[SUPPLIED DATA]:

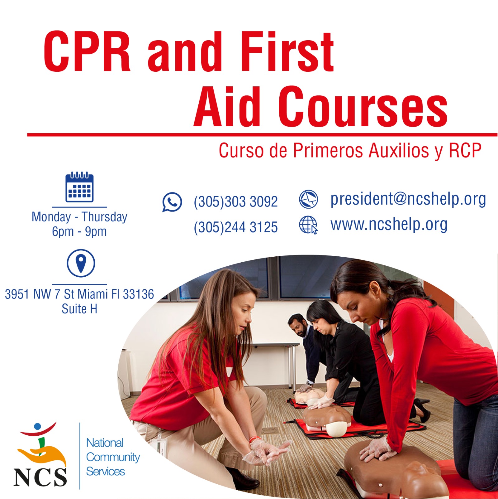 ¡Hola a todos! Soy la Dra. Martha Vega Hero, Presidenta de National Community Services. Hoy estoy emocionada de anunciar que estamos ofreciendo cursos de primeros auxilios y RCP para miembros de la comunidad.
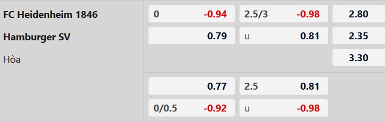 Soi kèo châu Á Heidenheim vs Hamburger:
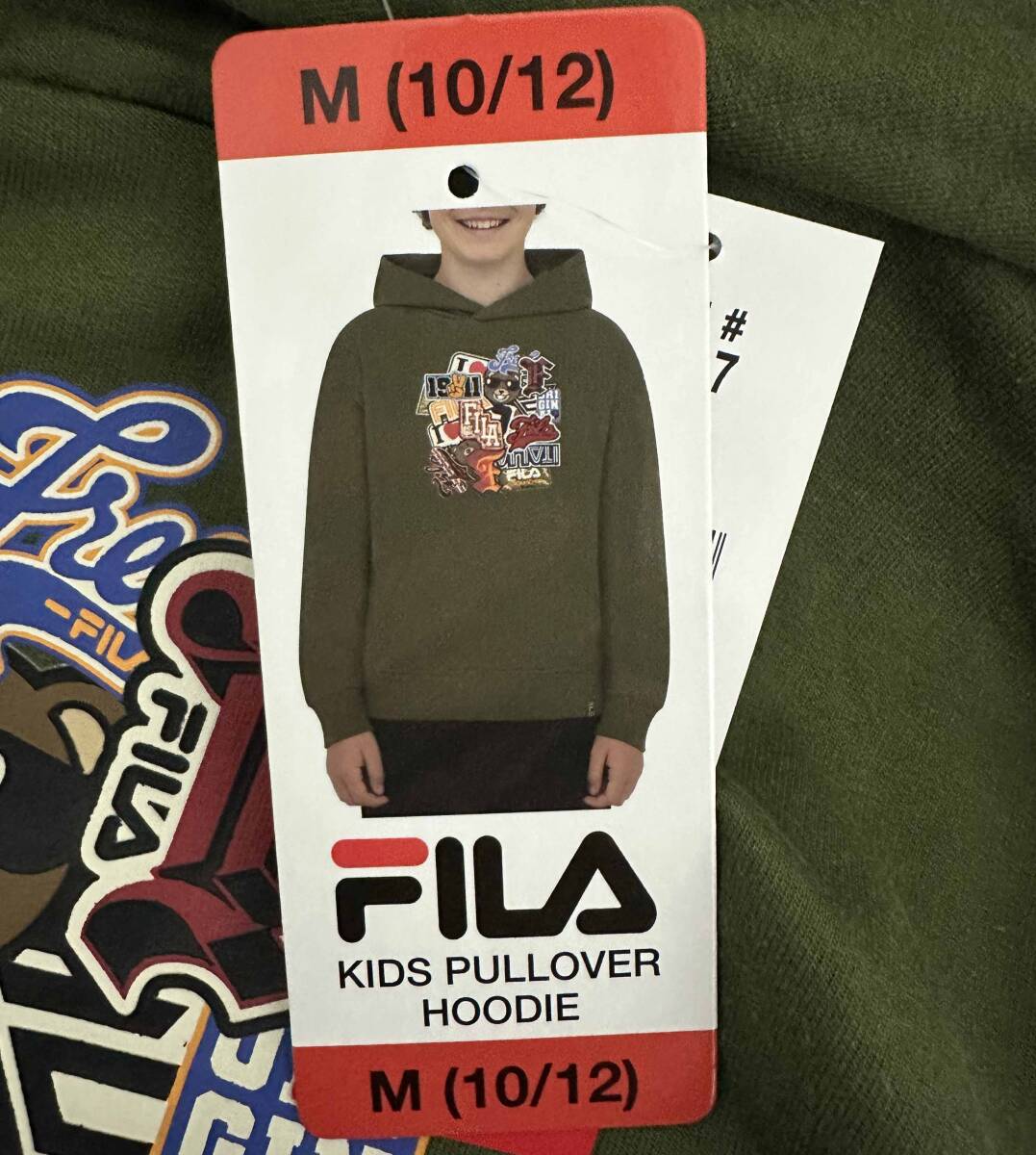 新品 140~150 ★ FILA フィラ ジュニア パーカー トレーナー カーキ 10/12 プルオーバー フーディ 3D エンボス コストコ ボーイズ ガールズ
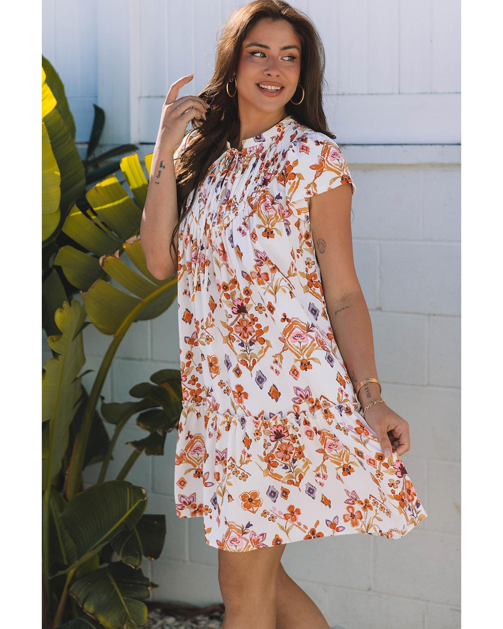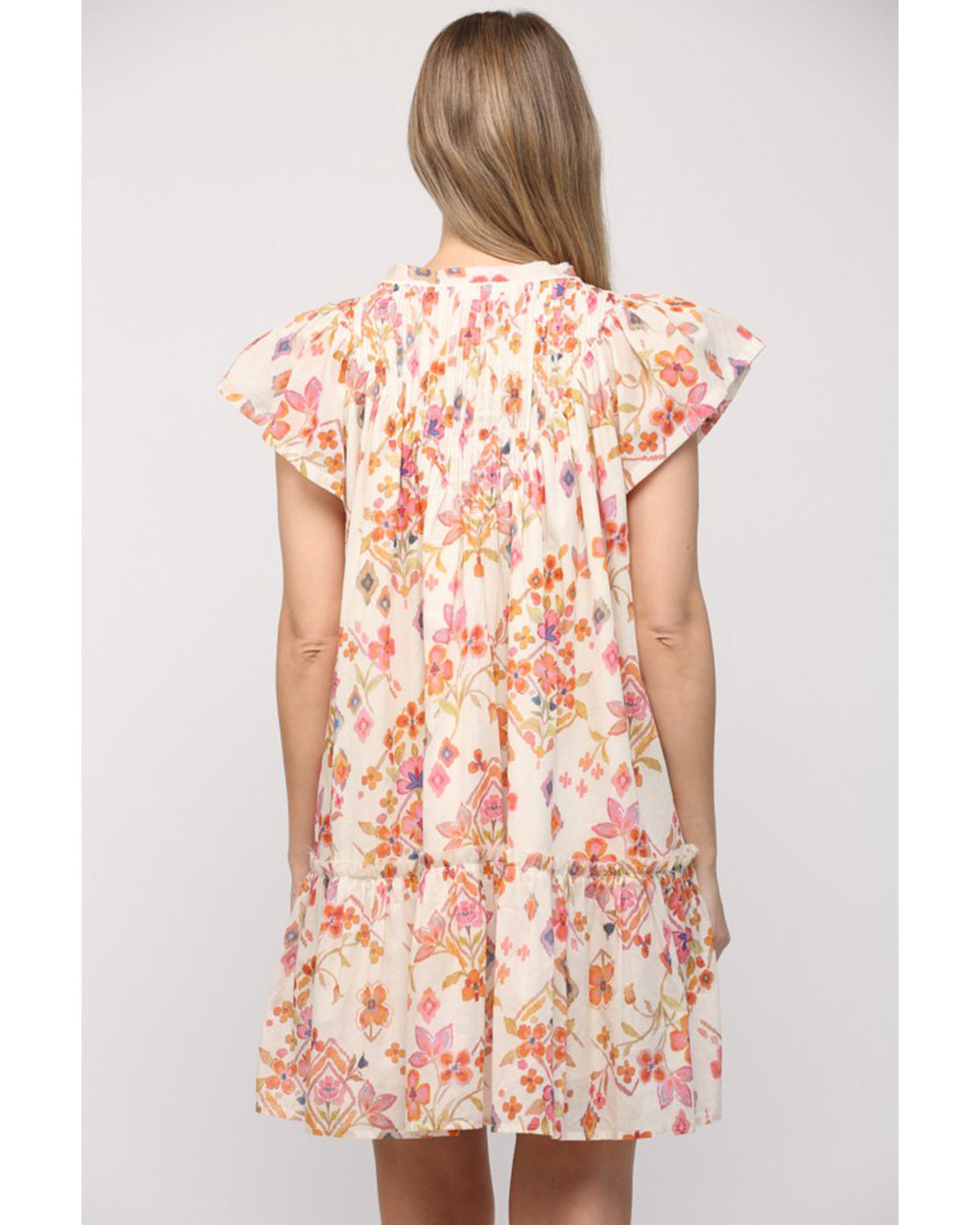Apricot Floral Geometric Print Ruffled Trim Flutter Sleeve Mini Dress – L
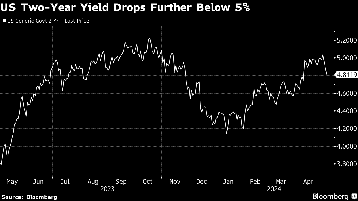 Equities headed toward their biggest gain since February, with the market also buoyed by Apple Inc.’s post-earnings surge. Treasury two-year yields, which are more sensitive to imminent Fed moves, tumbled as many as 17 basis points before paring the move. The dollar extended its slide into a third day.
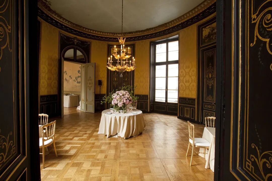 可以看到墙面的装饰,白色的墙面上,金色的装饰线脚,角花上贝壳和珊瑚状的造型。整个空间氛围素雅干净,温柔轻盈,也不失奢华高贵。这是典型的洛可可风格。
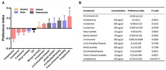 According to the results of EAG and SSR experiments, the preference behavior of the locusts was examined for 11 compounds. As the distance from the source of the odor to the entrance of insect (the length of the single arm of the T-maze device was about 49 cm) would weaken the odor concentration practically perceived by locusts [32], and all compounds just induced low EAG responses at 1 µg/µL, we excluded 1 µg/µL here and only compared 10 µg/µL and 100 µg/µL to make sure the concentration was high enough to be perceived by the locusts. The concentration of 10 µg/µL was closer to that observed in the natural habitat of locusts compared with 100 µg/µL [21]. Therefore, for those (4, 5-dimethylthiazole, benzyl alcohol, hexyl acetate, and trans-2-hexenyl acetate) that could induce strong EAG responses at 10 µg/µL, a concentration of 10 µg/µL was used in subsequent behavioral experiments, and 100 µg/µL was selected for the rest. The results showed that 2-heptanone, a volatile substance derived from the main food source of locusts, significantly attracted locusts (Figure 3).
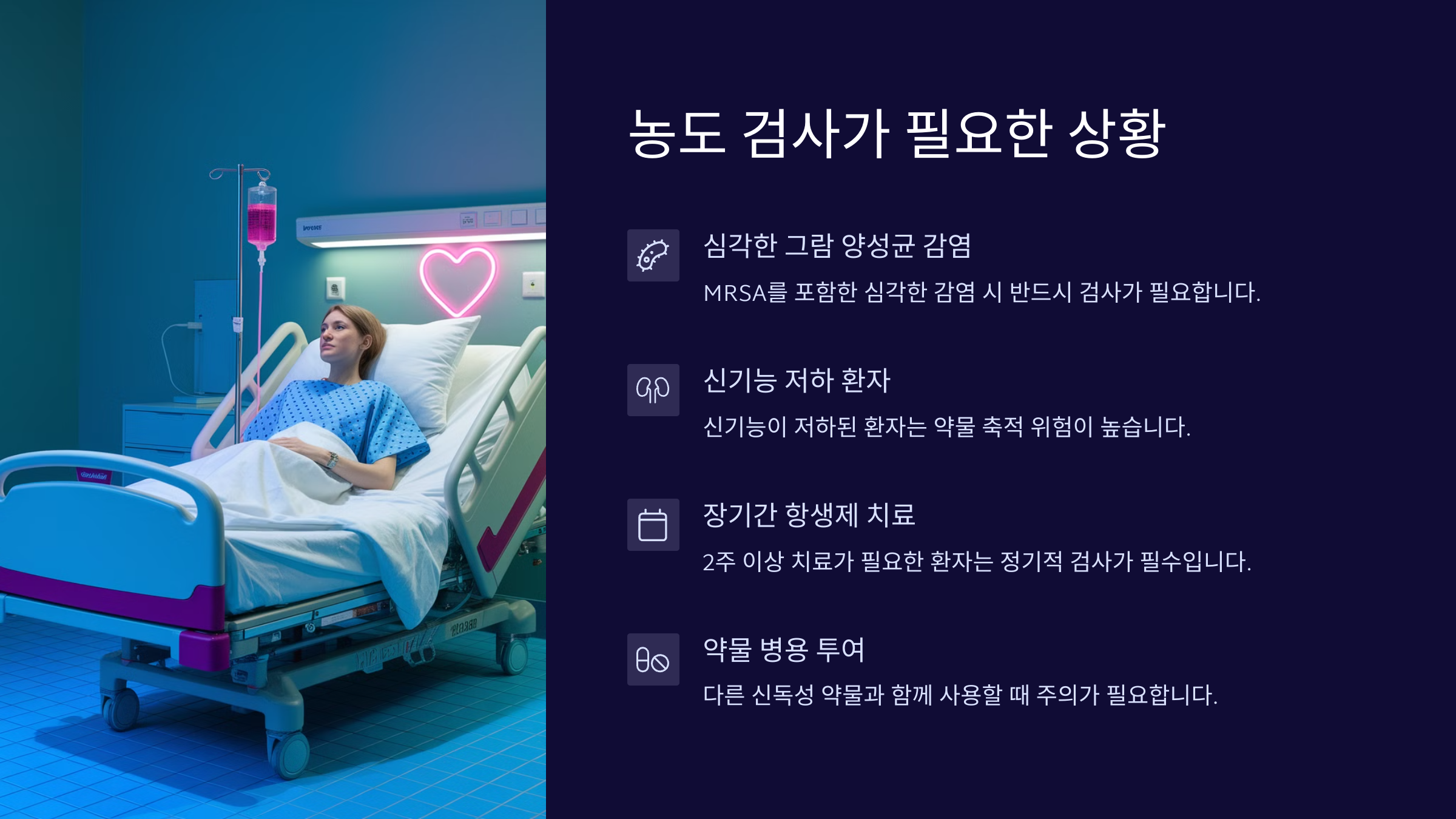 검사는 보통 정맥주사로 투약하는 환자에게 시행되며, 경구 투여에는 적용되지 않아요. 이유는 반코마이신이 경구로는 거의 흡수되지 않아 혈중 농도에 의미가 없기 때문이죠.

[WHAT YOU HAVE TO DO]:
Everything from the line with "新品 140~150 ★" down to the line with "可以看到墙面的装饰,白色的墙" in the data above should be copied exactly, with both end lines kept and the pictures left out.

[PROBLEM SOLUTION]:
 新品 140~150 ★ FILA フィラ ジュニア パーカー トレーナー カーキ 10/12 プルオーバー フーディ 3D エンボス コストコ ボーイズ ガールズ
Apricot Floral Geometric Print Ruffled Trim Flutter Sleeve Mini Dress – L
 Equities headed toward their biggest gain since February, with the market also buoyed by Apple Inc.’s post-earnings surge. Treasury two-year yields, which are more sensitive to imminent Fed moves, tumbled as many as 17 basis points before paring the move. The dollar extended its slide into a third day.
 可以看到墙面的装饰,白色的墙面上,金色的装饰线脚,角花上贝壳和珊瑚状的造型。整个空间氛围素雅干净,温柔轻盈,也不失奢华高贵。这是典型的洛可可风格。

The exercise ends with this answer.